Nameless Places.

My daughter discovered the foundation of an old mill near where she lives, a fieldstone structure built beside a rushing stream. A grist mill I speculate.

Sunday afternoon, and the day has warmed. The bugs haven’t risen yet. The spring ephemerals haven’t unfolded from the forest floor.

With one daughter grown, my youngest nearly so, my own parents well along in old age, I think about the things I wish I’d done as a parent. I wish we’d traveled more, seen the northern lights, gone to concerts. I wish my daughters’ father had stuck around. That trite phrase — glass half-empty or half-full — comes to mind. But maybe a truer comparison is this foundation, this well-crafted structure that has now morphed into a wilderness home, where birch trees set seeds and grew in improbable places.

We keep walking, and she shows me a small swamp in a hollow far off the road. The peepers are singing. The mud beneath my boots is black and rich. Water runs through it.
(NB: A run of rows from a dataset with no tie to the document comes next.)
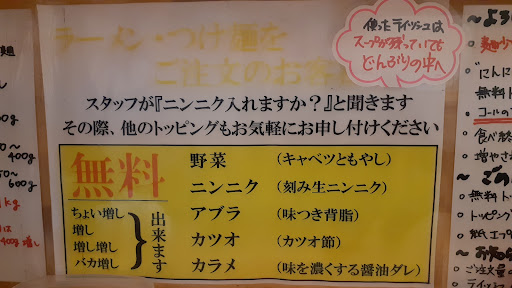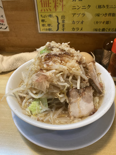 Read more平日の19時40分来店。 食券を買ったから並ぶ、一般的な二郎系のスタイル。 ラーメンは780円からとリーズナブルだが、まぜそばは930円からと少々高めになる。 今回はラーメンの麺少な目(150g)、野菜増し増し、カツオ増しでコール。 すると、二キロ食べられますか?との問いかけが帰ってきた。 少々ビビりながらもYESの返答。 テーブルから見える注意書きには、増した野菜は必ず完食してくださいとの表記。 20分ほどの待ち時間で着席でき、5分ほどで着丼した。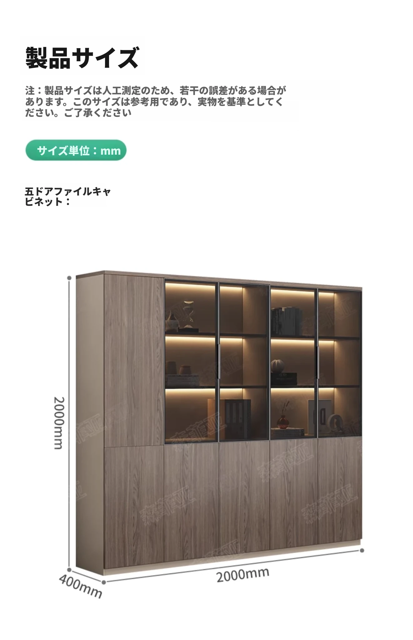7ドアファイルキャビネット-左側ドアキャビネット(ライト付き)ウッドウォールナット+テクノグレー
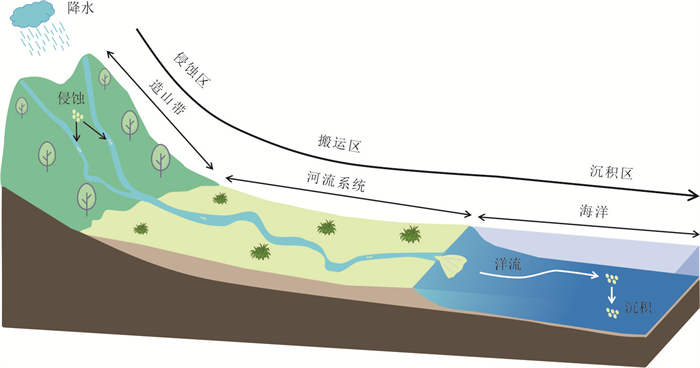 The source-to-sink process in marine sediments is a critical link connecting terrestrial weathering, oceanic dynamics, and global climate change, playing a vital role in reconstructing paleoenvironmental evolution. This paper reviews the transport processes of terrestrial and volcanic materials to the ocean and their control mechanisms. The transport of terrestrial materials is regulated by the lithology-climate-sea level-current system: the nature of the source rocks and climate conditions determine the output and physicochemical properties of the sediments by controlling weathering; sea level changes dominate the distance of sediment transport; and the current pattern determines the final distribution of the sediments. The input of volcanic materials is controlled by the intensity of volcanic activity, climate, hydrology and regional tectonic context. Recent advances in geochemical and mineralogical provenance techniques have significantly improved the identification capacity of sediment sources. However, this field still faces methodological challenges in transitioning from qualitative assessments to quantitative reconstructions. Future research should focus on developing integrated, multidisciplinary approaches to enhance our understanding of the evolution of marine sedimentary source-to-sink systems.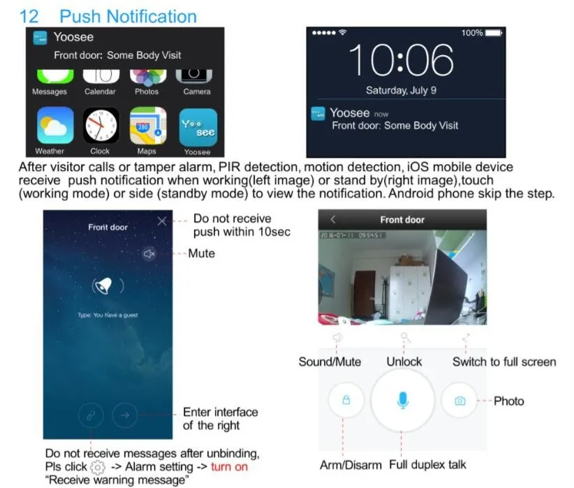 | Push | Push message to smart phone, Send pic to settings mail |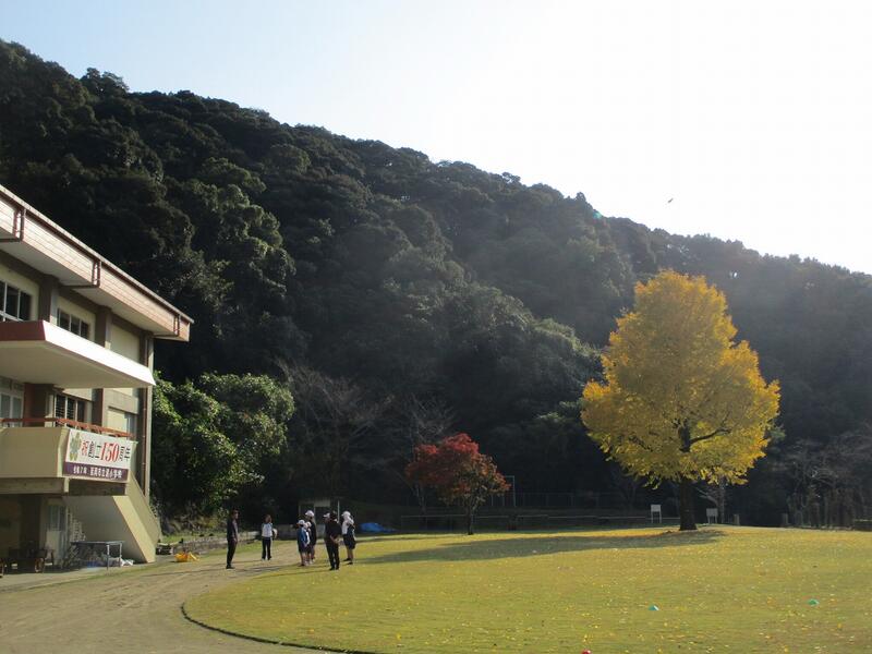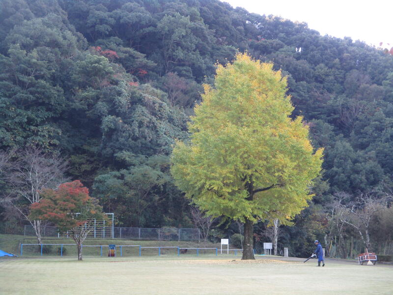 学校の運動場のイチョウとモミジが少しずつ色づいてきました。イチョウの葉っぱが毎日ひらひらと落ちてきます。今朝、技術員の先生が葉っぱを集めてくださっていました。ありがとうございます。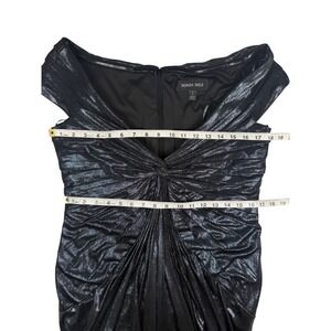 Tadashi Shoji Black Off The Shoulder Ruched Metallic Dress L Gown Gala New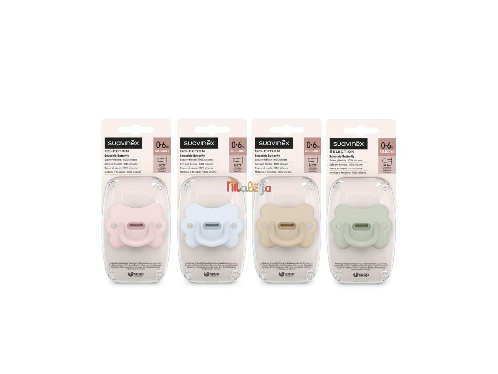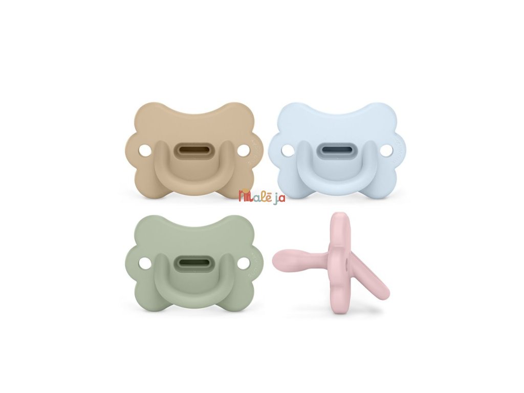 Mäkučký celosilikónový cumlík Colour essence sx pro od značky Suavinex v pastelových farbách - vyrobený z jedného kusu silikónu, s ergonomickým štítkom, ktorý sa prirodzene adaptuje s potrebami detí, bez chuti a bez zápachu. Ponecháva jazyku viac miesta v ústnej dutine, aby bolo sanie čo anprirodzenejšie.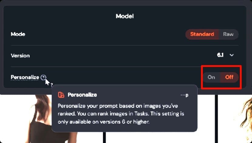 Personalize个性化这里选关闭,因为它和你账号的数据强相关,你只有在midjourney上面对很多图片点了赞之后,它会根据你点赞的喜好来生成图片,否则无法使用。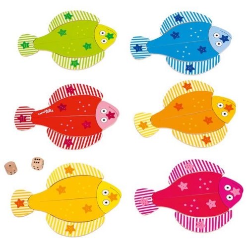 Hraje se s kostkami a barevnými rybami. Ryby - platýsi se skládají z očíslovaných dílků puzzle. Hod kostkou určí, který dílek bereš a skládáš. Hráč, který má nejvíce celých obrázků, vyhrál.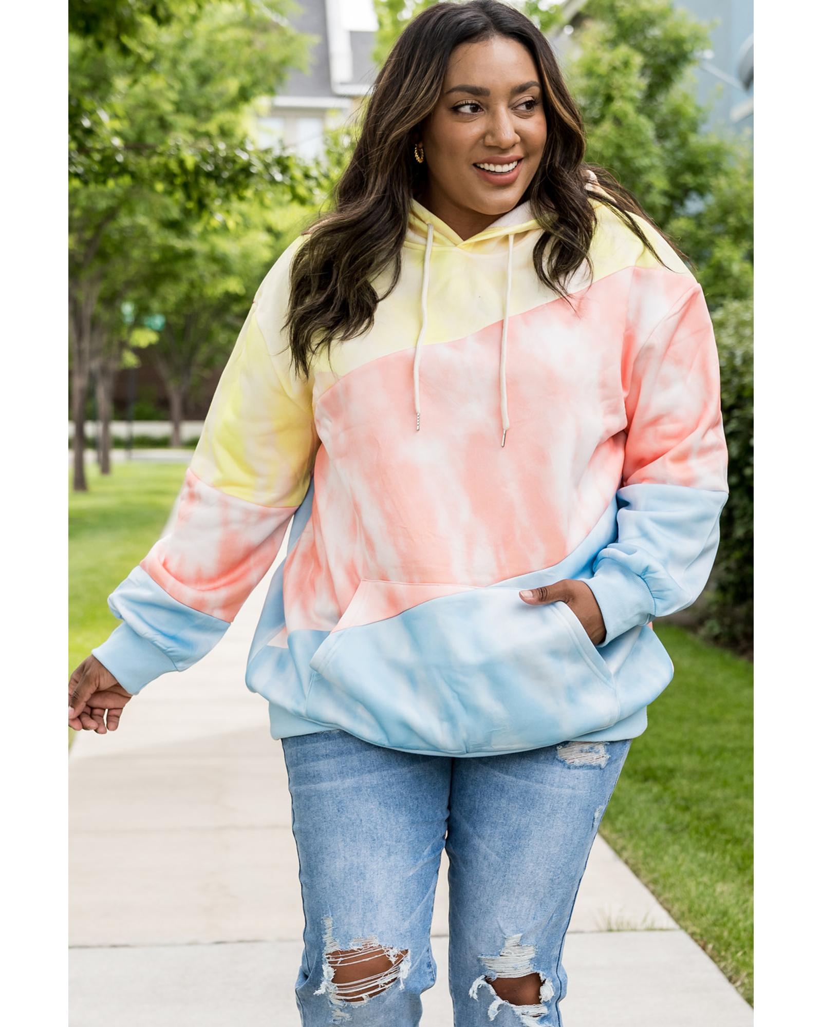 • Plus size hoodie with a colorblock design in sky blue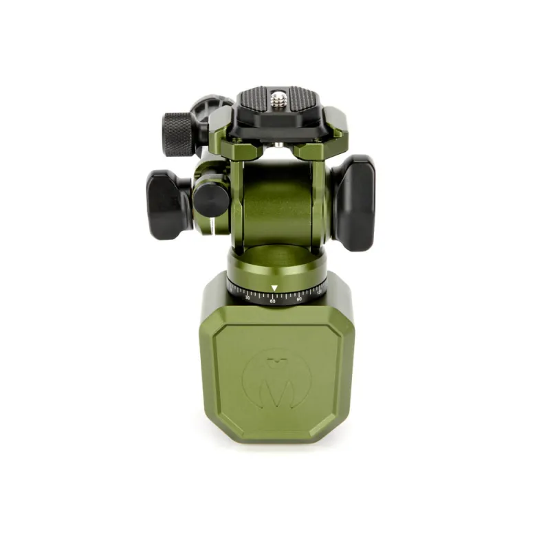 The Window Mount Trinity Kit features an AirHed Trinity compact pan and tilt head. The Trinity comes with a panning arm that can be detached for transport. The head has separate controls for the pan base and tilt function. Both the clamp and head are available in Darkness (matte black) or Moss, a rich shade of metallic green.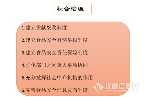 陳谞談到,新《食品安全法》在社會(huì)治理方面的創(chuàng)新主要有建立了貢獻(xiàn)褒獎(jiǎng)制度、食品安全有獎(jiǎng)舉報(bào)制度、責(zé)任保險(xiǎn)制度,此外還強(qiáng)化了部門(mén)之間重大事項(xiàng)協(xié)同、發(fā)揮社會(huì)中介機(jī)構(gòu)的作用、并完善了食品安全信息發(fā)布制度。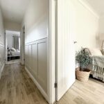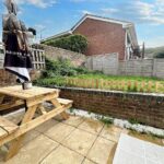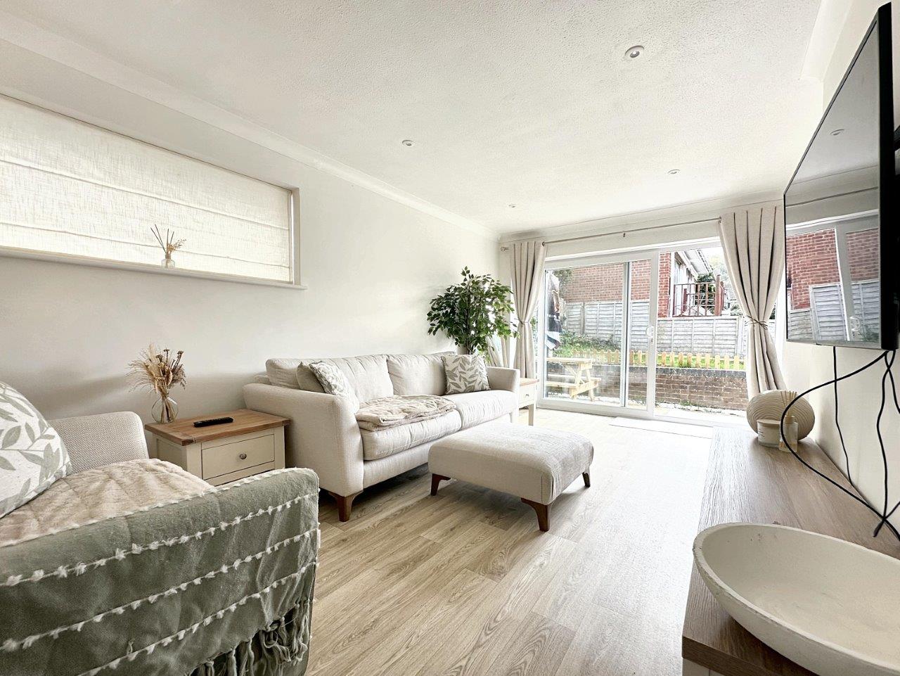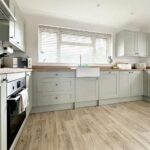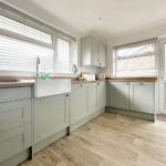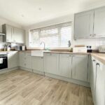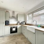 Upon entering, you are greeted by a light-filled hallway with attractive and bespoke wood panelling and neutral decoration. The lounge is a lovely bright room featuring newly installed sliding doors that seamlessly connect the indoor space with the garden, creating a perfect setting for entertaining. A particular feature of the bungalow is the superb newly fitted kitchen fitted with a modern pastel coloured shaker style kitchen with durable wood effect working surfaces. The owners have added lots of nice touches such as the butler sink. The kitchen also has a door to the rear garden.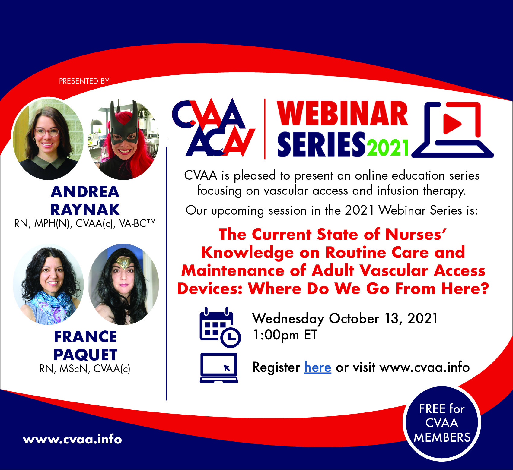 Wednesday October 13, 2021 (full flyer here) - The Current State of Nurses' Knowledge on Routine Care and Maintenance of Adult Vascular Access Devices: Where Do We Go From Here? - Andrea Raynak, RN, MPH(N), CVAA(c), VA-BCTM & France Paquet, RN, MScN, CVAA(c) To access the recording, log in and view under Members Area> CVAA Webinar Series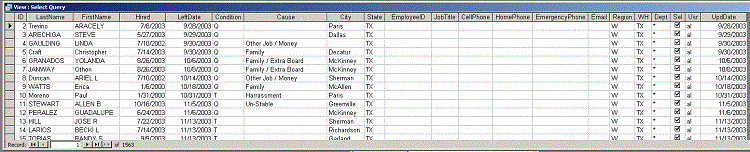Click Sel to Select the records found in the Employee table and open the Employee form with only the problem records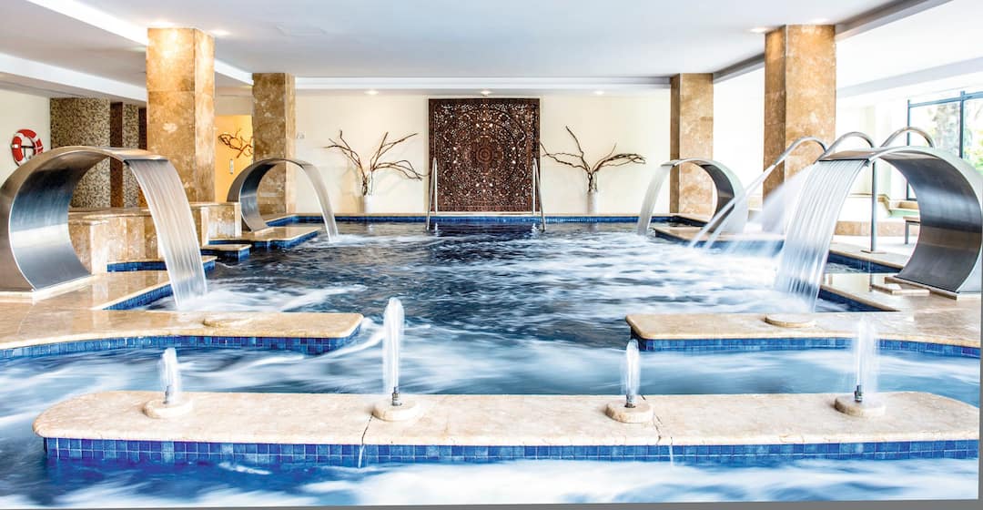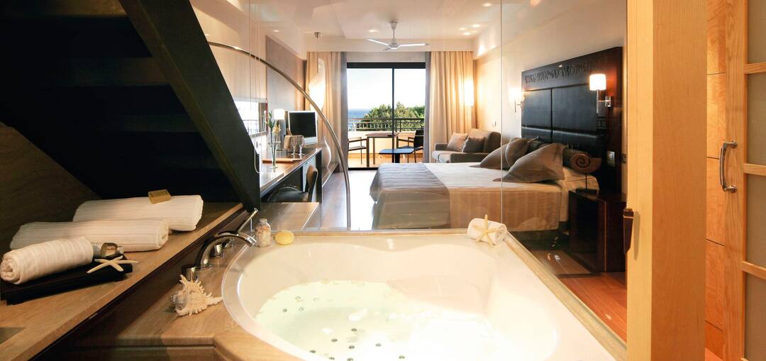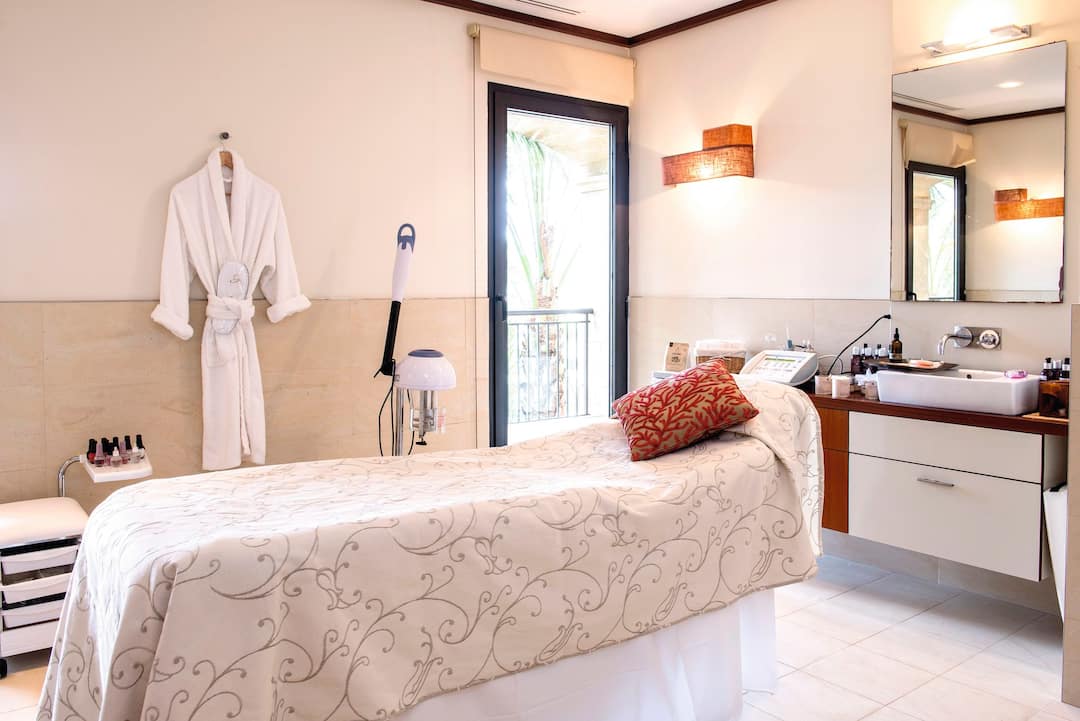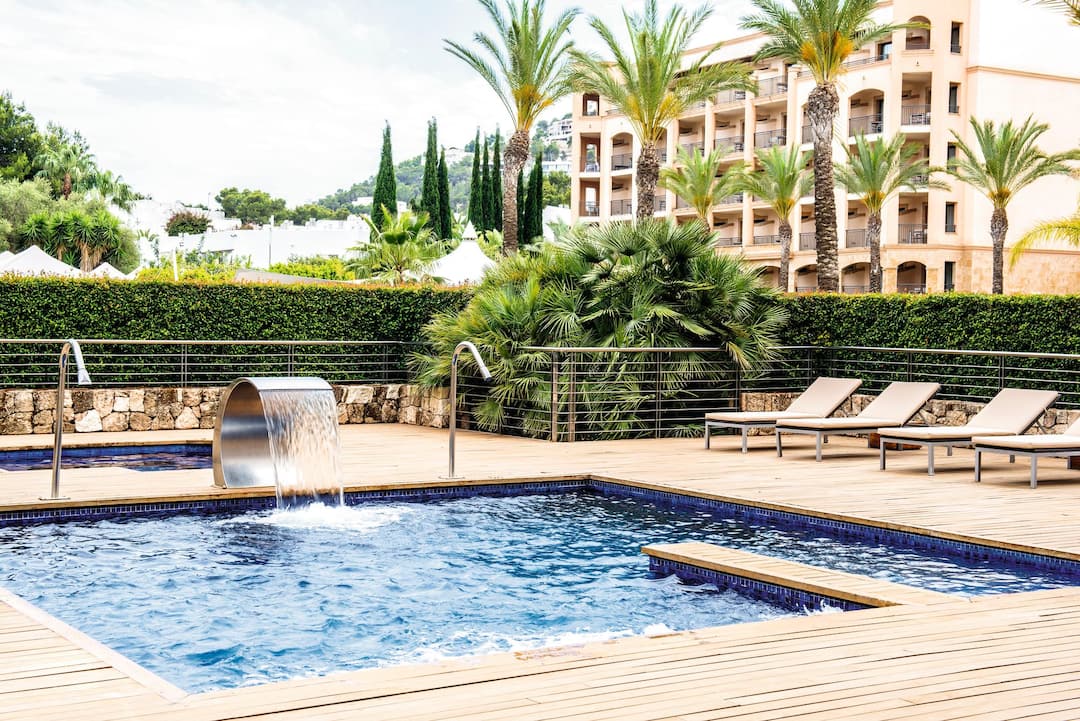 Set on the banks of the Santa Eulalia River, there are luxurious touches everywhere you look here. The pool’s incredibly stylish and there’s a whirlpool bath on the side. Kids even get their own pool while a poolside bar serves cocktails, snacks and ice creams. Away from the pool, the spa’s top of the range and provides a long list of treatments.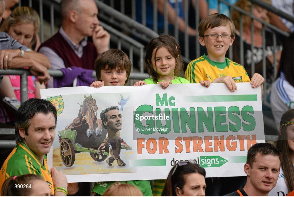 20 July 2014; Donegal fans with a Jimmy McGuinness sign. Ulster GAA Football Senior Championship Final, Donegal v Monaghan, St Tiernach's Park, Clones, Co. Monaghan. Picture credit: Oliver McVeigh / SPORTSFILE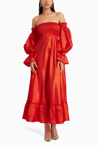 Featuring Amie Poppy Red Dress by Malie. This dress is a versatile piece designed to be worn either on or off the shoulder. It includes elasticated detailing across the bust and back, ensuring comfort and a secure fit. The sleeves also include elasticated detailing, allowing them to be worn on the shoulder or off for different styling options. Crafted from satin, this dress exudes elegance and sophistication, falling gracefully to ankle length.
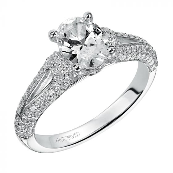 Oval Engagement Ring With Pave Set Diamond Split Band

Travels through Time. Along the River.

Write a novel and, at some point, you’ll start henscratching or typing notes about when the protagonist moves from reaction to action. Why not think of your life as a novel you’re writing?

I drove down the long center of my Green Mountain State yesterday to return to Brattleboro, where I lived for years as a college student (so long ago). I bought my first car for $500 in Brattleboro.

For the drive, I had one rule: stay off the interstate. I began through the chain of towns I know, Montpelier and down through Northfield and Brookfield, along the Dog River. I headed up through a pass where the snow returned in clots along the road, and where trailers were surrounded by old cars and pickups, the kind of stuff that someday might be used. The forest flattened and gave way to fields where barns were built nearly in the fields. I drove through upscale Woodstock and the burned-out industrial buildings of Springfield.

Southern Vermont was like a magical dream — sunlight streamed over blooming daffodils, forsythia spread bright yellow, emerald green paired with black earth.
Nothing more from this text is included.